Ive used it at 100mg ed for 8-10weeks 50mg in the morning and 50mg with my protein shake before workout

Tbol is quite weak so needs to be taken above 60mg each day for atleast 6 weeks imo

20mg is useless mate from my experience


----------



## LiftHeavy (Oct 12, 2008)

you look like you are carring a fair bit of muscle in your avvy and are lean, so id reccomend taking 60-80mg each day, split morning and pre workout for 8weeks, see how you feel and you could extend to 10weeks as its not as harsh as dbol on the liver. It is quite expensive to run at a high dose for 10weeks, but gains are lean and good


----------



## T-Flex (Dec 6, 2009)

LiftHeavy said:


> you look like you are carring a fair bit of muscle in your avvy and are lean, so id reccomend taking 60-80mg each day, split morning and pre workout for 8weeks, see how you feel and you could extend to 10weeks as its not as harsh as dbol on the liver. It is quite expensive to run at a high dose for 10weeks, but gains are lean and good


Thanks for that. Would there be anything to expect in the way of sides at these doses though? Cheers.


----------



## sizar (Nov 13, 2008)

i would say go 80mg ed .. split does through day with meal .. should be good


----------



## ba baracuss (Apr 26, 2004)

T-Flex said:


> Thanks for that. Would there be anything to expect in the way of sides at these doses though? Cheers.

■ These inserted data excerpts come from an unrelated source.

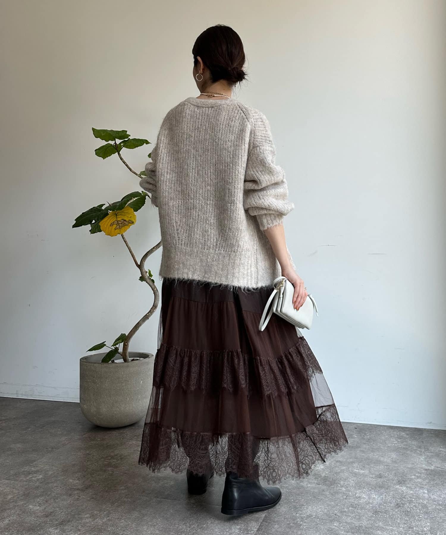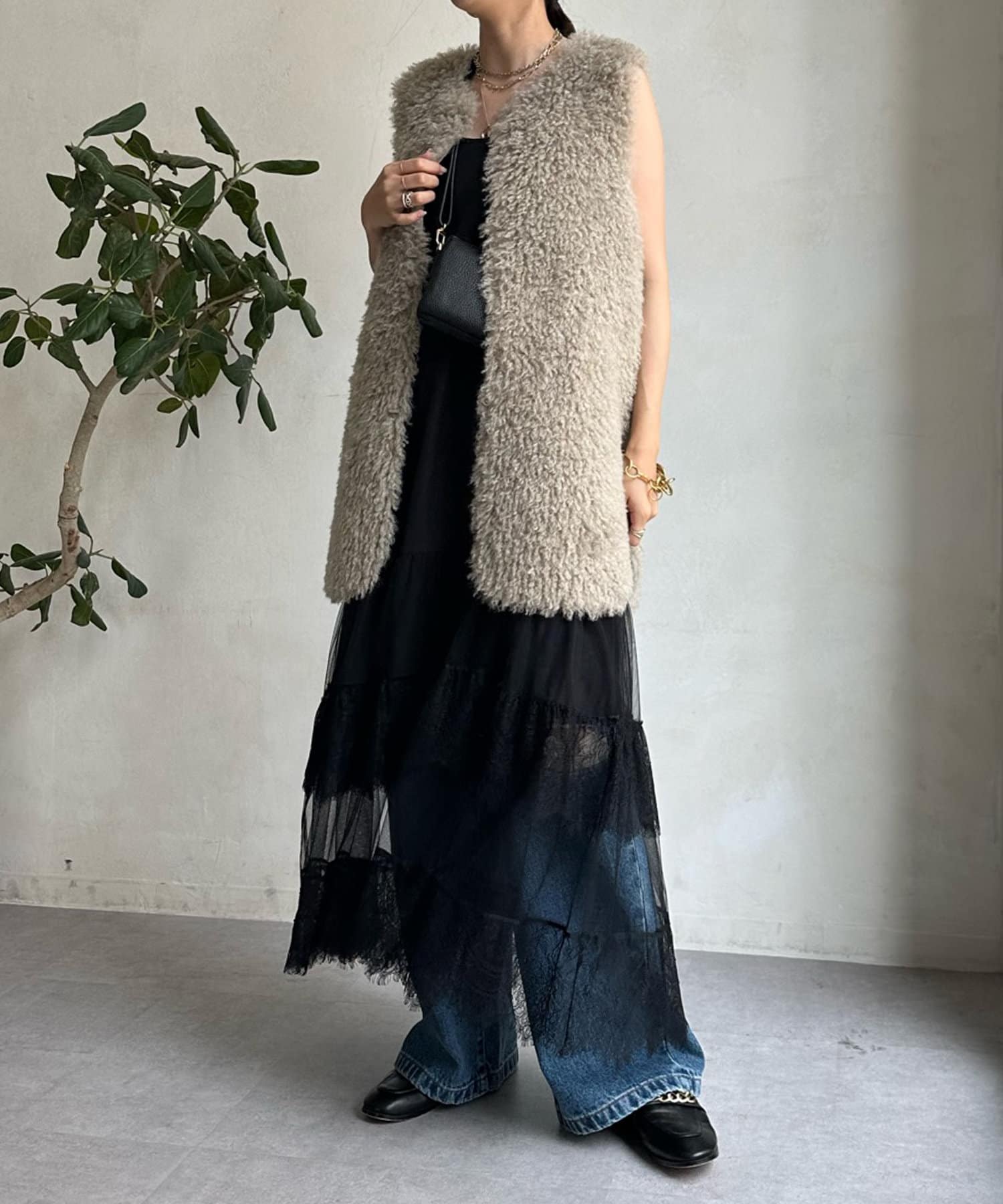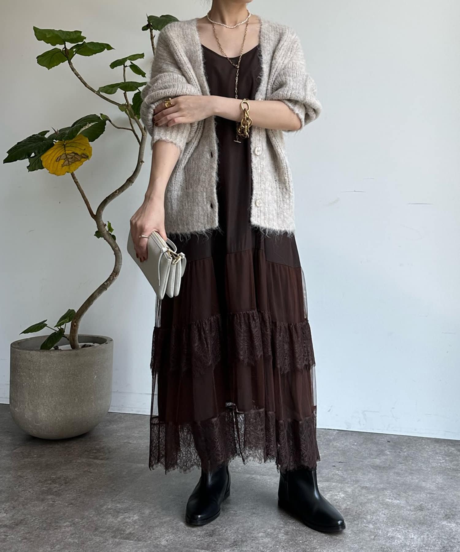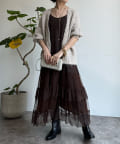 裾には透け感があるため、デニムなどのカジュアルなボトムをレイヤードするのもおしゃれですよ。
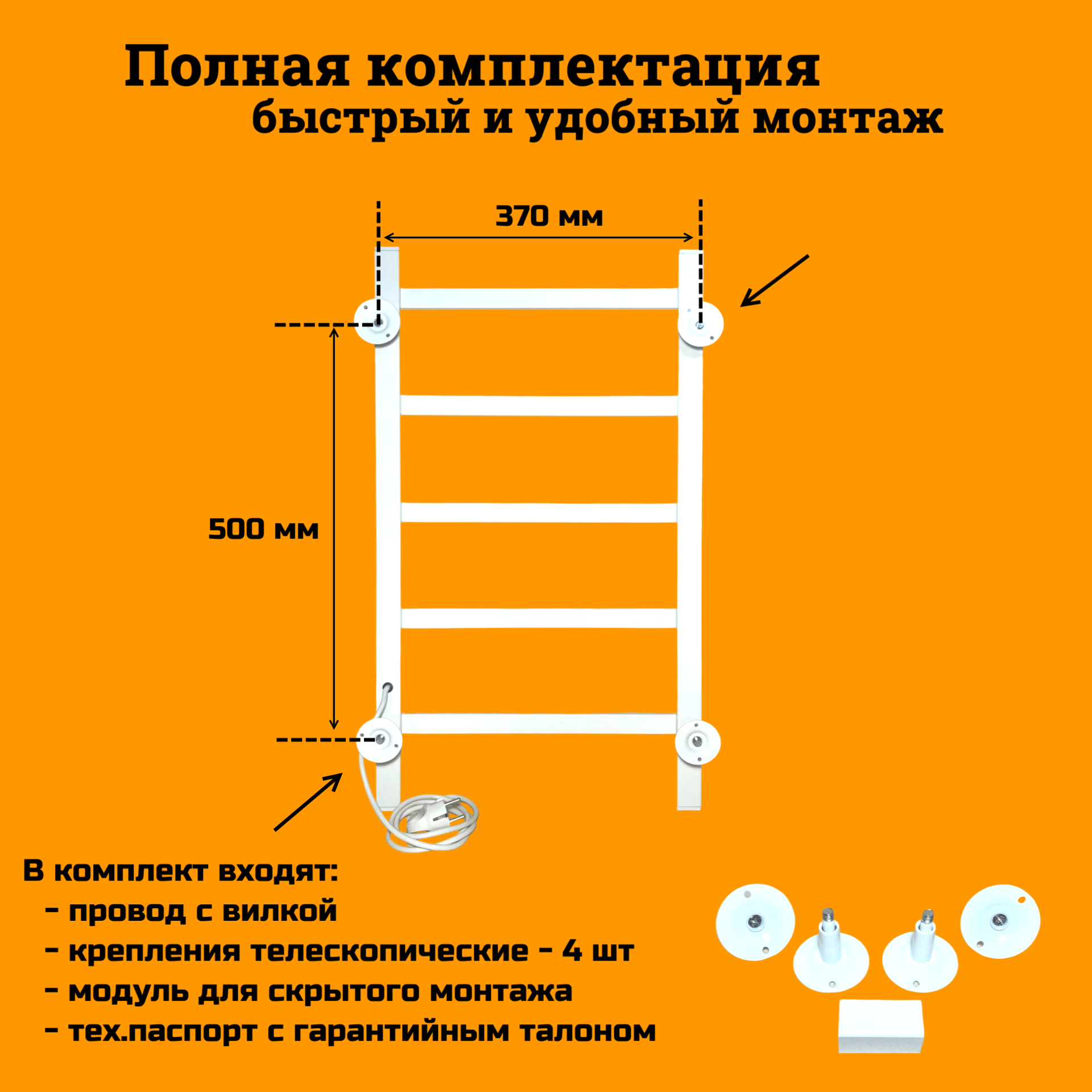 Полотенцесушитель электрический РуДизайн Лесенка профиль 400*700 белый терморегулятор и подключение справа информация:
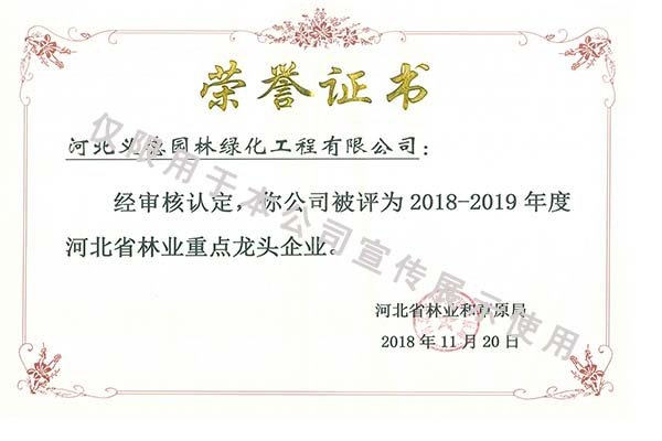 2018-2019年度河北省林業(yè)重點(diǎn)龍頭
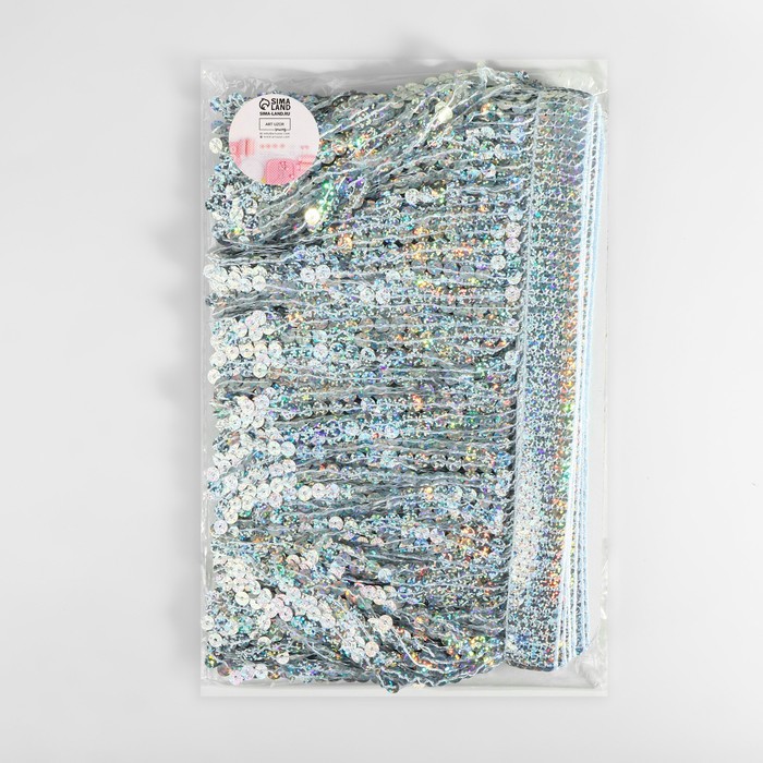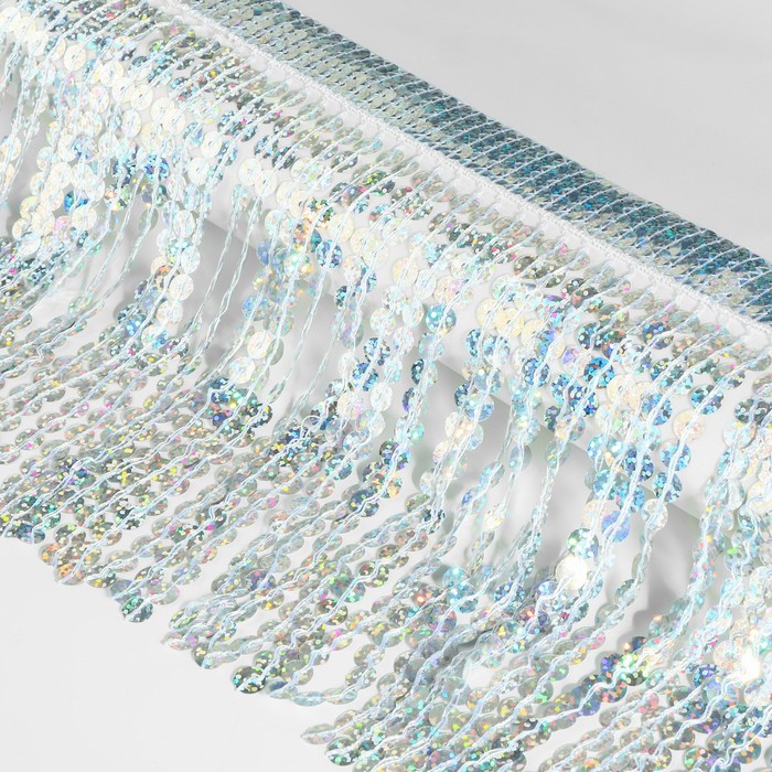 Тесьма с пайетками «Бахрома», с голографией, d=6 мм, 16 см, 4.5±0.5 м, цвет серебряный — Характеристики
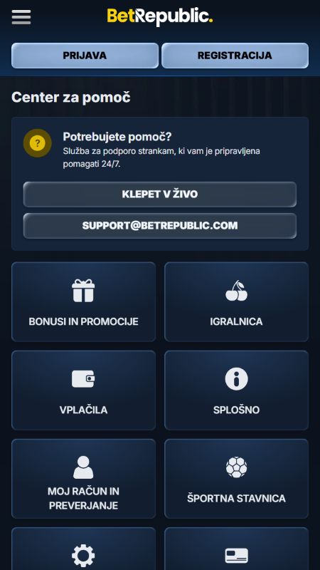 Podpora je pri BetRepublic ena izmed bolj jasno predstavljenih stvari. V centru za pomoč je zapisano, da je na voljo 24/7, glavna kontaktna kanala pa sta klepet v živo in e pošta support@betrepublic.com. Slovenska jezikovna različica strani je na voljo, kar je za domače uporabnike plus. Telefonske številke ali javno izpostavljenega poštnega naslova na pregledanih straneh nisem zasledil.
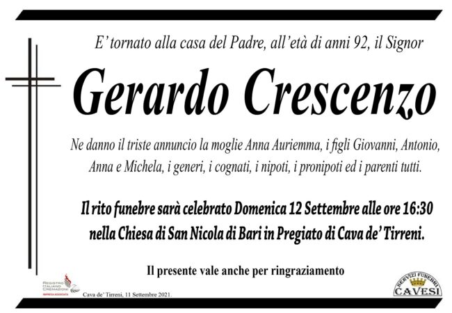 E’ tornato alla casa del Padre, all’età di anni 92, il Signor Gerardo Crescenzo.
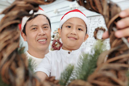 Cheerful father and preteeen son hanging wreath when decorating apartment for CHristmas celebration
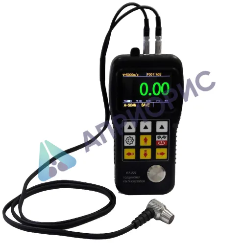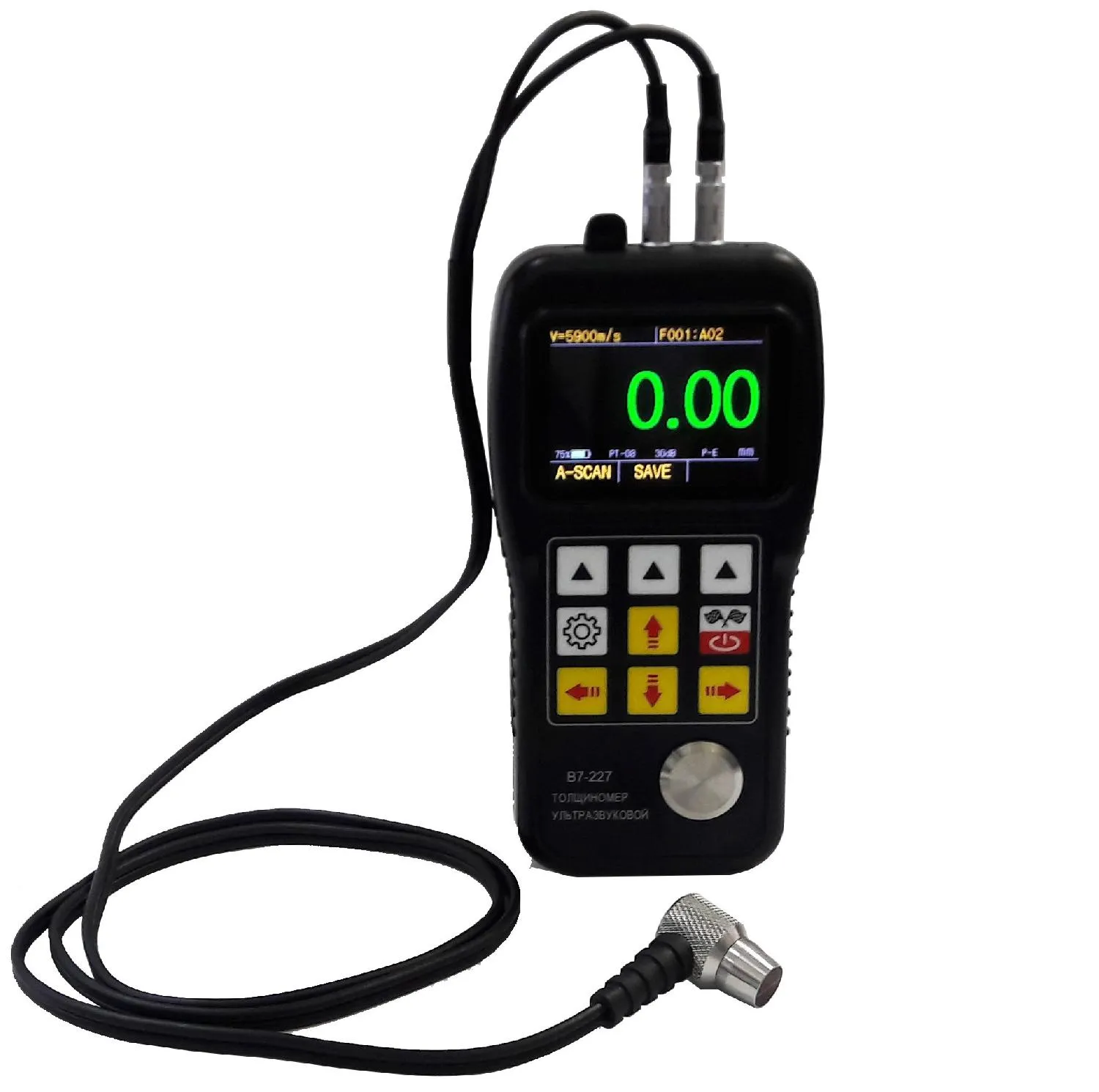 Толщиномеры ультразвуковые В7-227 измеряют толщины металлических и неметаллических изделий в диапазоне от 0,8 до 300 мм (по стали) с 8 различными типами преобразователей для стандартных (от -10 0С) и высокотемпературных (до 350 0С) поверхностей; низкочастотные преобразователи для толстых, сильно ослабляющих или сильно рассеивающих материалов, в т. ч. чугуна; миниатюрные преобразователи для измерения тонкостенных труб или труб с малой кривизной стенки, а также специализированный датчик для измерения через покрытие, в т. ч. коррозию. Работа с режимами А-скан и В-скан. Измерения скорости звука, установка порога допустимого MIN и MAX значений, в т. ч. в режиме В-скан, установка номинальной толщины в пределах диапазона измерений в режиме А-скана, режим коррекции сигнала и его формы, регулировка усиления от 8 до 55 дБ для материалов с большим затуханием сигнала (например литье из алюминия, меди и т.п.), возможность калибровки по 2-м точкам. Память на 100.000 значений толщины и 1.000 диаграмм сигналов A / B-сканирования, диаграммы и значения толщины могут быть сохранены в одном файле.
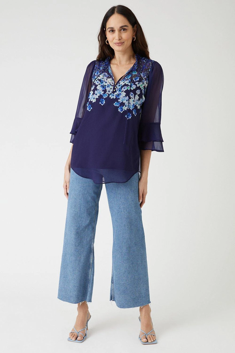 Complete the look with our new season tops. From casual camis to smart office tops to glam ruffled evening styles, we’ve got you covered for whatever you have in the diary. Make a style statement with puff sleeves and bold prints, or keep things classic with a chic cami or ruffles top. Intricate embellishments and fine prints are set to bring your everyday wardrobe to life, whilst a variety of fits are designed to flatter. Style: Navy Floral Border Tie Neck Blouse. Ideal for: Daywear. Fit: Loose. Design: Ruffle. Model wears size UK 10 and is 5′ 9″ tall. Make-up & Fragrance: Primer (Yves Saint Laurent, Touche Eclat Blur Primer 30ml), Foundation (Yves Saint Laurent, New All Hours Foundation), Blusher (Estée Lauder, Pure Color Envy Sculpting Blush), Mascara (Lancôme, Hypnôse Custom-Wear Volume Mascara), Setting Spray (Urban Decay, All Nighter Setting Spray 118ml), Fragrance (Valentino, Born In Roma Eau De Parfum).This garment is READY FOR THE FUTURE.Recycled fibres can be used for a number of materials including polyester, cotton and acrylic. They are a more sustainable alternative, as they take less energy, land and water to make than virgin fibres, and are often derived from products that would otherwise have gone to wasteFind out more about our sustainability guidelines and goals.
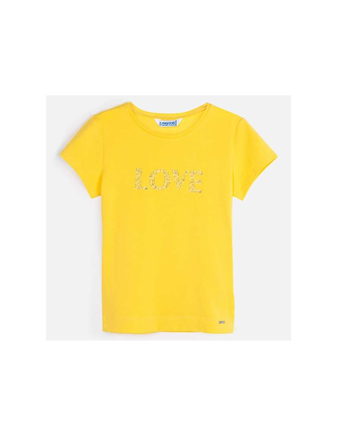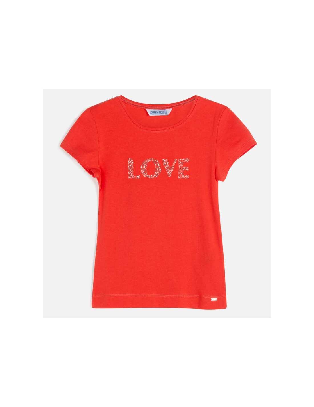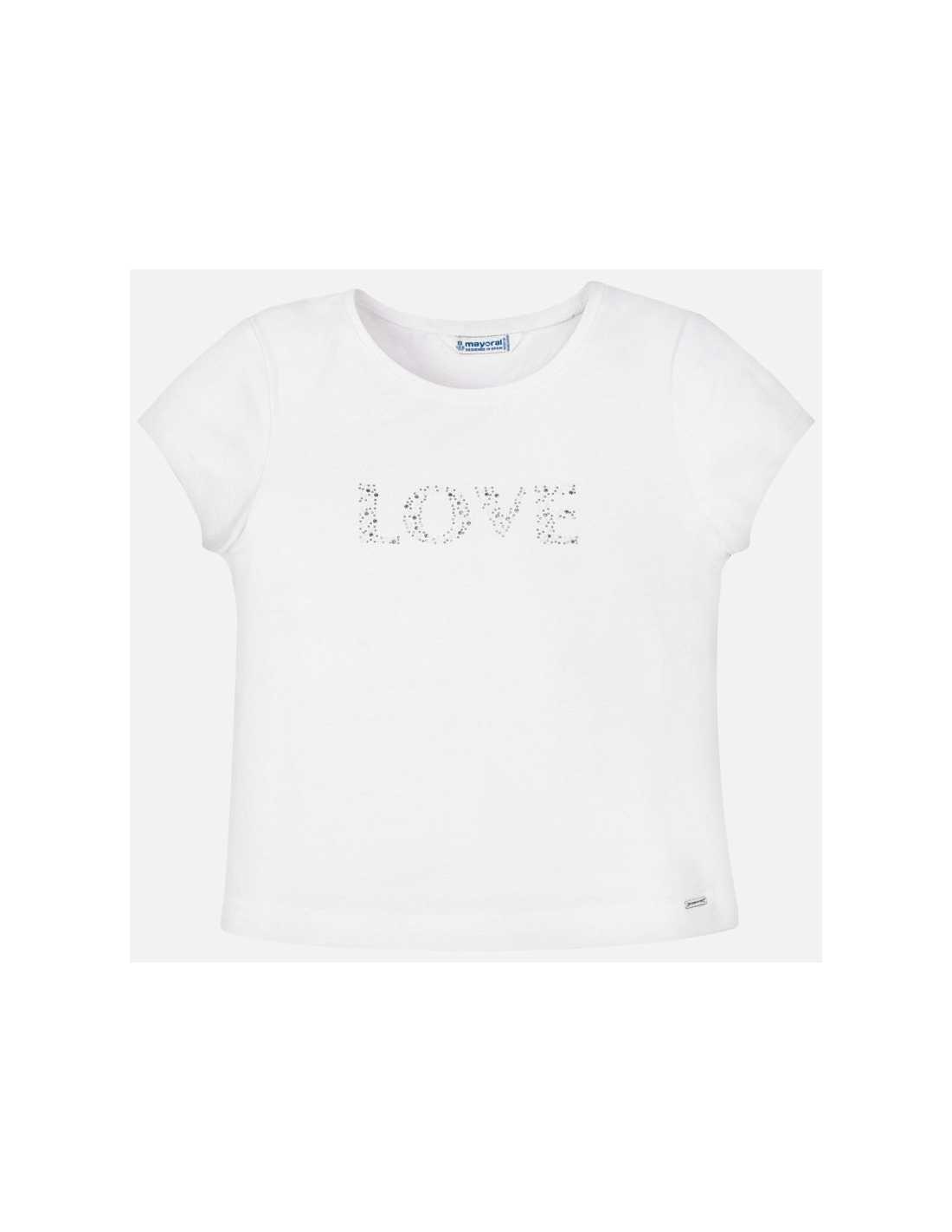 Camiseta de manga corta para chica. Cuello redondo. Modelo de nuestra colección de prendas básicas con diseño clásico, ideales para completar cualquier conjunto. Suave tejido de algodón elástico. Elementos de adorno: strass, texto en el delantero de la prenda.
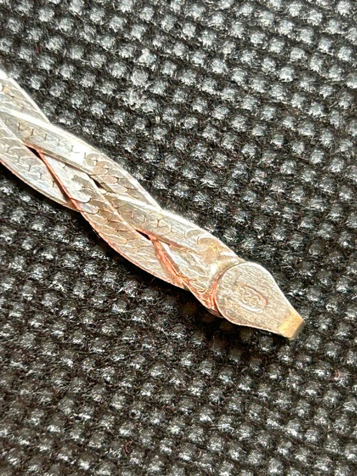 Beau collier plat en argent massif 925/1000, mailles tressées, pour femme, en très bon état. Longueur: 44 cm environ, poids: 7,3 grammes. #merine103 #merine103bijoux
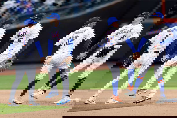 NEW YORK, NEW YORK – APRIL 08: Jeff McNeil #1, Starling Marte #6, Francisco Lindor #12, and Brandon Nimmo #9 of the New York Mets celebrate during the ninth inning against the Miami Marlins at Citi Field on April 08, 2023 in the Flushing neighborhood of the Queens borough of New York City. The Mets won 5-2. (Photo by Sarah Stier/Getty Images)
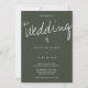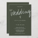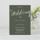 A wedding invitation with a casual, yet modern, typography design. This dark sage green solid colour invitation accents the big event with the word Wedding in a large, handwriting-style, font. The rest of the invitation is in clean, open, typography that gives the design a strong structure. This invitation reflects the relaxed, yet well-organized, nature of your wedding. Ready to check invitations off your list? Simply add your information, add this invite to your cart, and have a great wedding.

Back /shin/ calf pumps probably.


----------



## DogBoy (Aug 11, 2009)

Trial and error....doses for everyone will be different depending on prior usage and such.


----------



## sizar (Nov 13, 2008)

only crazy pumps when training .. thats it .. no sides


----------



## Ironclad (Jun 23, 2009)

Made my head spin from HBP but it passed eventually. 50-60mg was good, I split the dose into 2


----------



## DogBoy (Aug 11, 2009)

sizar said:


> only crazy pumps when training .. thats it .. no sides


other than liver toxicity and a probable comprimised lipid profile


----------



## LiftHeavy (Oct 12, 2008)

i had no sides, some back pumps when doing deads and some widegrip pull ups but i still managed to do some cardio after my weight session.

I think its great stuff when ran quite high over a long period.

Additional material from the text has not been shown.